▸ **WHAT IS BEING ASKED**: The required output is an exact restatement of the lines, starting with the one that contains "The Antwerp Harbour" and finishing with the last line of the listing. It contains no pictures.

▸ **SUPPLIED DATA**:
BEGIN

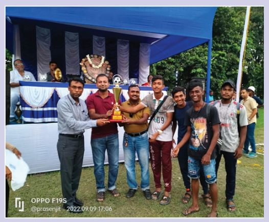
Achievement in Football Tournament
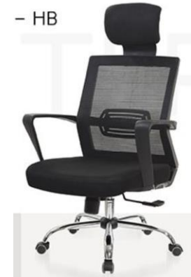
EC 039 6200/-
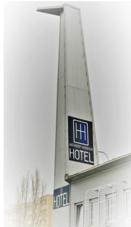
The Antwerp Harbour hotel is a landmark in the city and the port
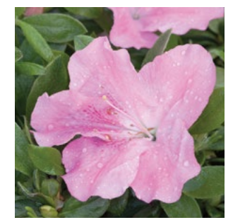
SOFT PURPLE-PINK HUE DOUBLE SHOT® LAVENDER AZALEA Azalea x 'RLH1-12P0' PP #24,467 3' tall and wide. Full shade to partial sun. Evergreen SKU #42059 | ZONE: 6-9

END

▸ **ANSWER AREA**:
The Antwerp Harbour hotel is a landmark in the city and the port
SOFT PURPLE-PINK HUE DOUBLE SHOT® LAVENDER AZALEA Azalea x 'RLH1-12P0' PP #24,467 3' tall and wide. Full shade to partial sun. Evergreen SKU #42059 | ZONE: 6-9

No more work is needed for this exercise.